Стихи и слова к песням кино-фильмов: «Знакомьтесь, Балуев! », «Встреча в горах », «Такие разные характеры», «Перед экзаменом», «Д’Артаньян и три мушкетёра», «Дороже жемчуга и злата», «Будьте моим мужем», «Рецепт её молодости», «Аплодисменты, аплодисменты...», «Золотая рыбка», «Весёлая хроника опасного путешествия», «Путешествие мсье Перришона», «Гардемарины, вперёд!», «Остров погибших кораблей», «Забытая мелодия для флейты», «Беспредел», «Виват, гардемарины!», «Балерина», «Простодушный», «Ангел с окурком», «Умереть от счастья и любви», «Привет от Чарли-трубача», «Игра в любовь», «Старые клячи», «Зависть богов", «Женское счастье», «Сатисфакция»,«Андерсен. Жизнь без любви», «Виват, Анна!», «Лето индиго — необыкновенная история», «Не бойся, я с тобой!».

Творчество поэта отмечено Премиями: им. Булата Окуджавы, им. М. Ю. Лермонтова, журнала «Арион», Национальная премия «Музыкальное сердце театра». Член Союза писателей России и русского ПЕН-клуба.

Поэт не поддался соблазну известного эффекта шестидесятников - чем больше аудитория, тем легче перед ней выступать, когда публика заряжалась сама от себя, а эстрадный голос множился, повторяясь в каждом посетителе тысячных залов.

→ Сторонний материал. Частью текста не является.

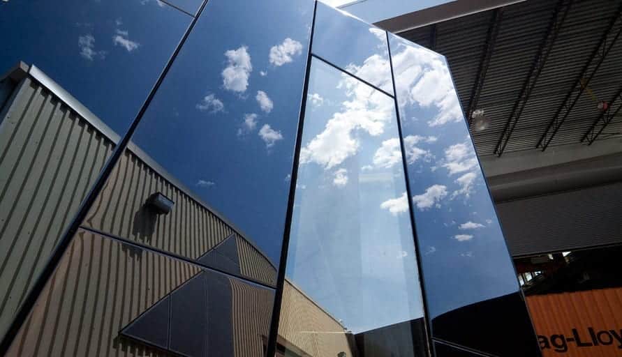 The material that was selected for this is a seductive dark mirror-polish stainless. Zahner has used a similar finish on a few projects, including a Libeskind-designed residence in the northeast United States. This metal surface is essentially a dark-tinted mirror, reflecting a darker image of its surroundings with perfect mirror accuracy, and imbuing the imagery of the sky and general surroundings on its dark polished surface. The image immediately above shows a detail of the reflected surface of both the inset glazing and the slightly darker reflective metal surface. The Zahner product that enables the flush glass and metal surfaces is called the Inverted Seam™ Glass System.

Юрий Ряшенцев был и остался носителем тайного, может быть, исконного знания: чем меньше слушателей, тем они беспощадней. Окончательный вердикт таланту выносит читатель, с которым поэт всегда - один на один. И стихи, и имя поэта защищает исключительно собственный текст, и тут ни руками не поразмахиваешь, ни голосом не возьмешь:

«Я из-под навеса на дорогу

не гляжу — там та же мельтешня.

Есть сегодня, что сказать мне Богу.

Только он всё знает без меня…»

Недавно, от Пушкинского метро я торопился на очередной поэтический вечер в "Фонд "Нового мира", расположенный в оставшемся монашеском общежитии Страстного монастыря - сразу за "Театром мюзикла", бывшим кинотеатром "Россия".

И тут вдруг мне пришлось протискиваться сквозь плотную людскую очередь, хотя вроде бы Московский кинофестиваль прошел.

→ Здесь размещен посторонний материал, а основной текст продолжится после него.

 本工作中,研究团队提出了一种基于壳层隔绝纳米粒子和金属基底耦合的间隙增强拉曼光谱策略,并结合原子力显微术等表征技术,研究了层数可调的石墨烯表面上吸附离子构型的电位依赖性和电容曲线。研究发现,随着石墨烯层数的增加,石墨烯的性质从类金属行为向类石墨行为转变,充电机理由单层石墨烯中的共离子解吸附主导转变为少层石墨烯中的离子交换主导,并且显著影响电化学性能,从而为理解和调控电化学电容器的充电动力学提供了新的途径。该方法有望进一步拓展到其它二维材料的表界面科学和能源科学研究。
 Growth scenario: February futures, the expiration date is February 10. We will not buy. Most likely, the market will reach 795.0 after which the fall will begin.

Подняв глаза на афиши, я невольно воскликнул:

- Ай да, Ряшенцев! Ай да, Юрий Евгеньевич! -

«Мне страшно это молвить вам,

но кто-то должен молвить это:

Много лет назад в журнале "Юность" текст мюзикла "Преступление и наказание" автор читал Виктору Коркия, и стихи эти мне довелось слышать со стороны.

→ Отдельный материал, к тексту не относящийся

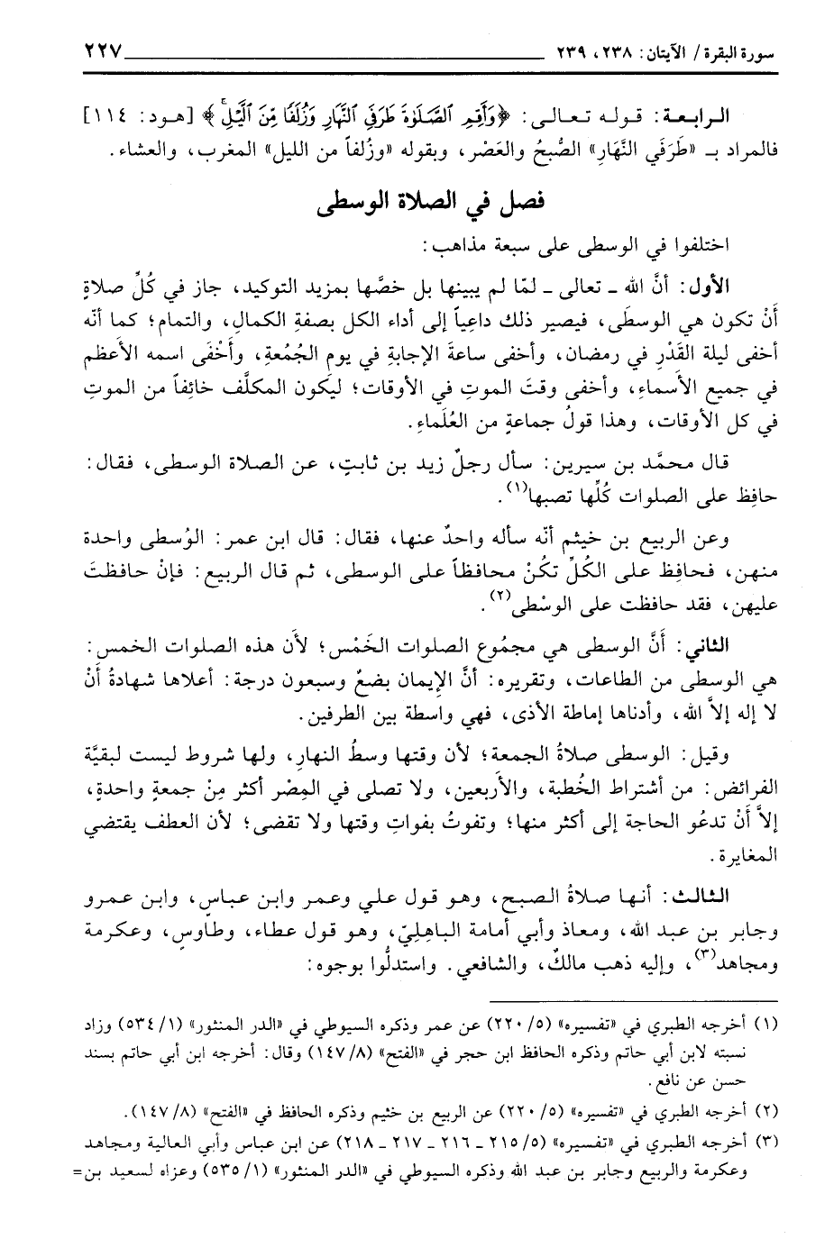 الثالث: أنها صلاةُ الصبح، وهو قول علي وعمر وابن عباس، وابن عمرو وجابر بن عبد الله، ومعاذ وأبي أمامة الباهِليّ، وهو قول عطاء، وطاوسٍ، وعكرمة ومجاهد، وإليه ذهب مالكٌ، والشافعي. واستدلُّوا بوجوه:

А тут такой феерический успех!

Мюзикл - спустя четверть века! - на сцене главной площадке страны.

Впрочем, возглас "эврика!" больше относился ко мне самому.

Пришло вдруг понимание, что Юрий Ряшенцев относится к самой замечательной школе того времени - школе журнала "Юность", которая имела больше всего учеников, и последователей.

Вполне понятно нынешнее внимание литературоведов к «Лианозовской школе», «СМОГу» (Самое молодое общество гениев), «ленинградскому кружку» и пр.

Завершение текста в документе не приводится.